Canadian pop singer (born 1979)

Martin Giroux (born 23 May 1979) is a Canadian pop singer. Hailing in Gatineau, Giroux sings mostly in French. He first became known as a contestant on the TV series Star Académie in 2004. He later had success with the radio hit "J't'aimerai encore". Plays the role of Phoebus in the French revival of the musical Notre-Dame de Paris (premiered in November 2016).

== Early life ==
Giroux was born in Gatineau, Quebec. He began playing guitar at age 12, and from age 16 performed in venues in the Outaouais region of Quebec.

== Music career ==
In 2001, he participated in a number of contests including Tout nouveau, tout show where he was one of three finalists alongside Pierre Lapointe.

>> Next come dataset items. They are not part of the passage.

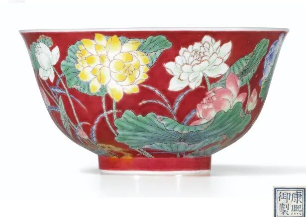 清康熙 御制胭脂红地珐琅彩莲花图碗
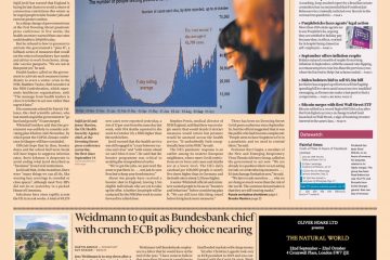 Sajid Javid said on 20 October that England is facing its last chance to avoid a return to COVID-19 restrictions, which feature on the front page of the Financial Times.
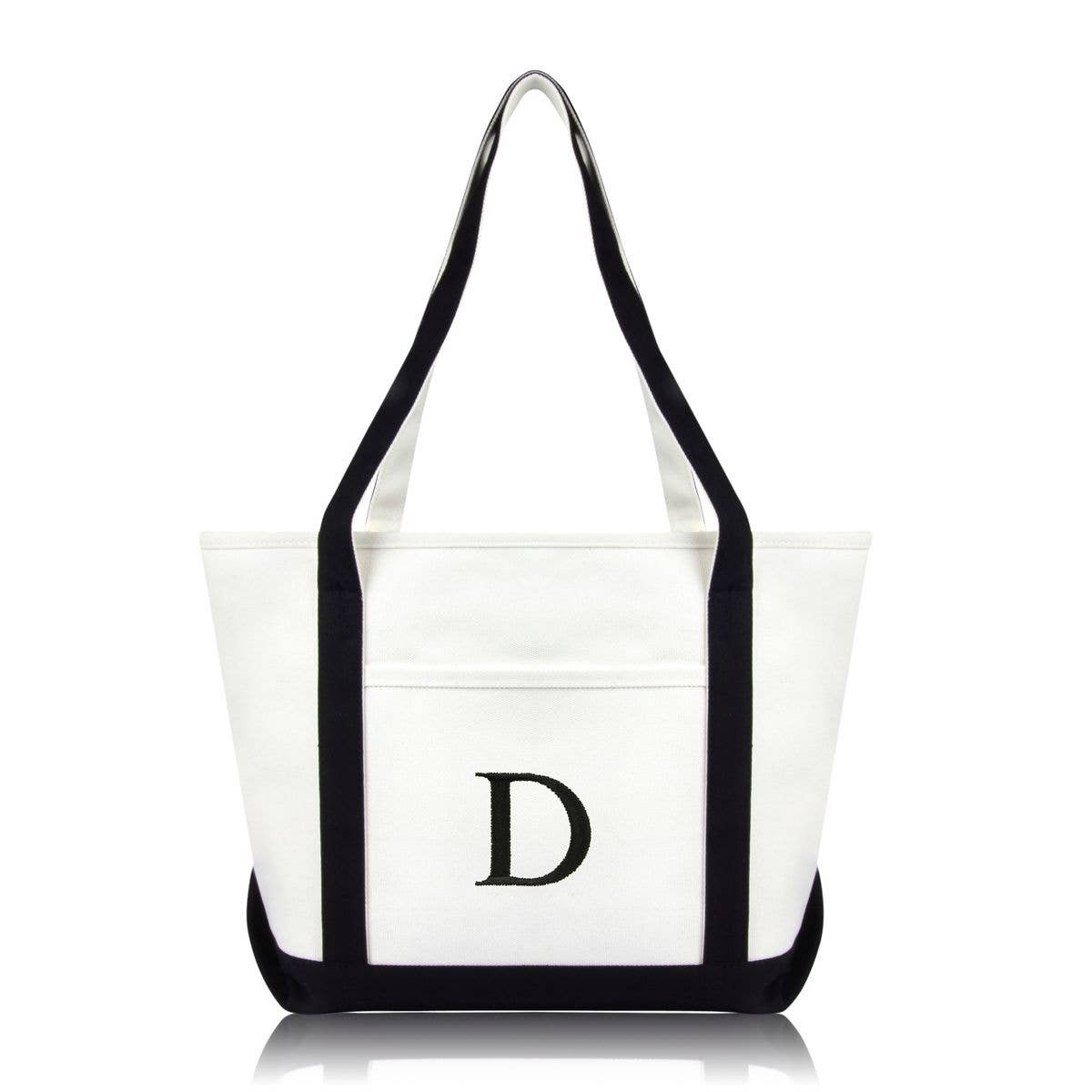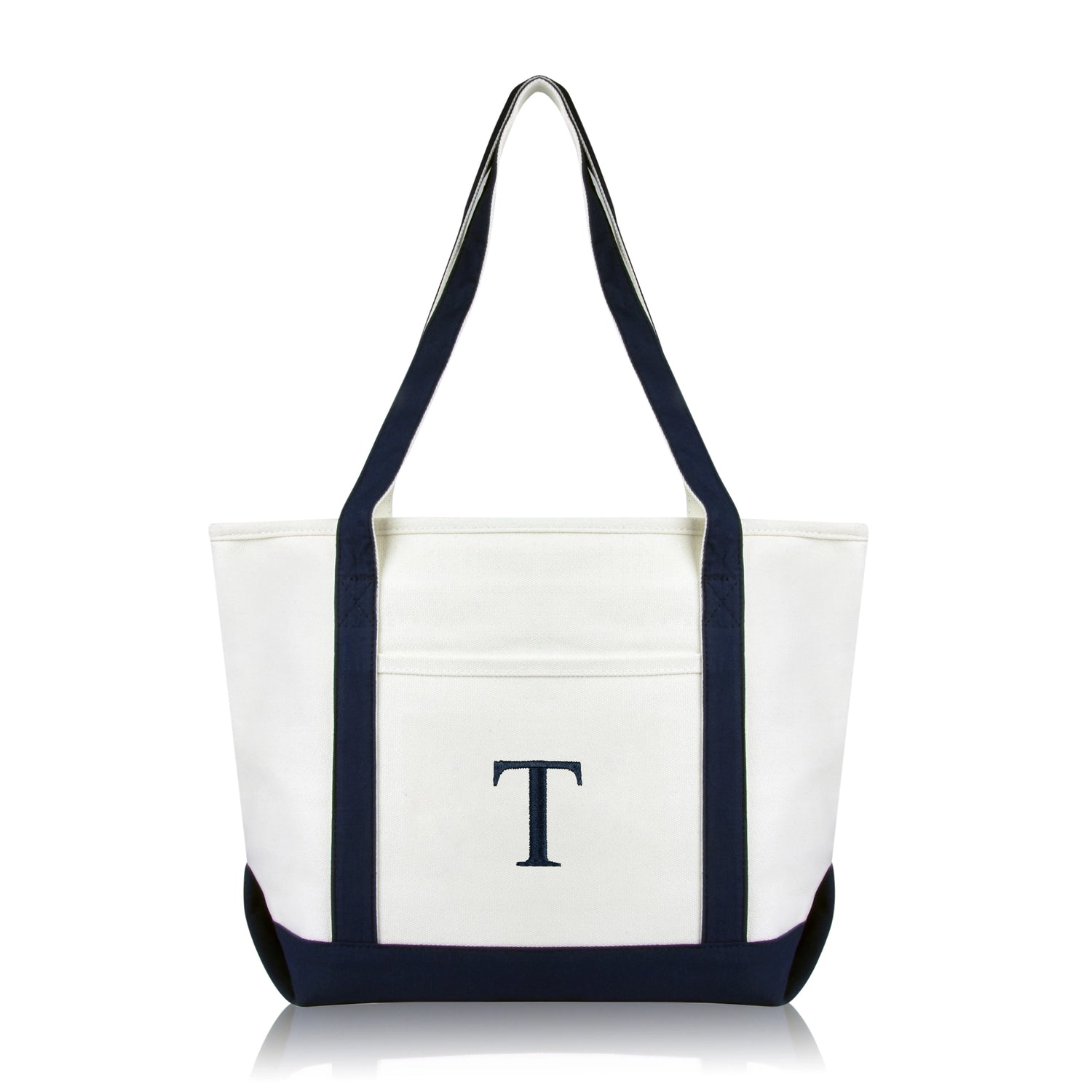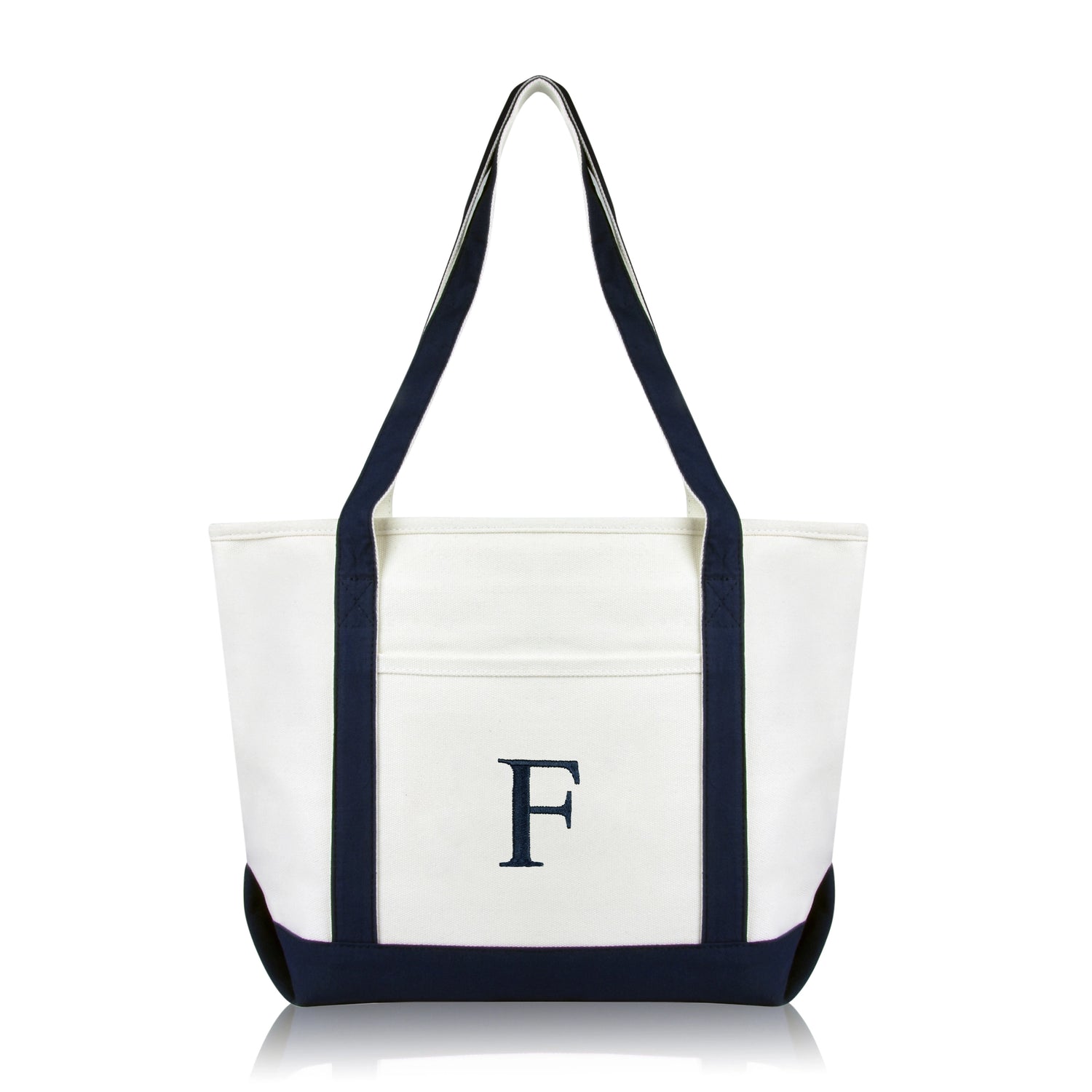 Sewn with premium threading, each tote has a different color theme with a complementing letter color. Subtle, yet elegant and gives an edge with the embellished personalization.

In 2004, his profile increased after being asked to participate in the reality TV contest Star Académie. He toured with previous runner-up Marie-Élaine Thibert.

His debut album, Faut que j'te dise..., was released in 2005, and the single "J't’aimerai encore" stayed at number one for nine weeks on the Top 100 BDS Francophone.

In 2006, he understudied the lead role in the Québécois musical Dracula – Entre l'amour et la mort. He also had roles in other musicals such as Joe Dassin – La grande fête musicale and Party Time.

His subsequent albums were En cavale in 2008, and La vie ça s'mérite in 2010, for which he wrote all the music and lyrics.

From November 2016 Martin Giroux plays the role of Captain Phoebus in the musical Notre-Dame de Paris as a member of its main cast.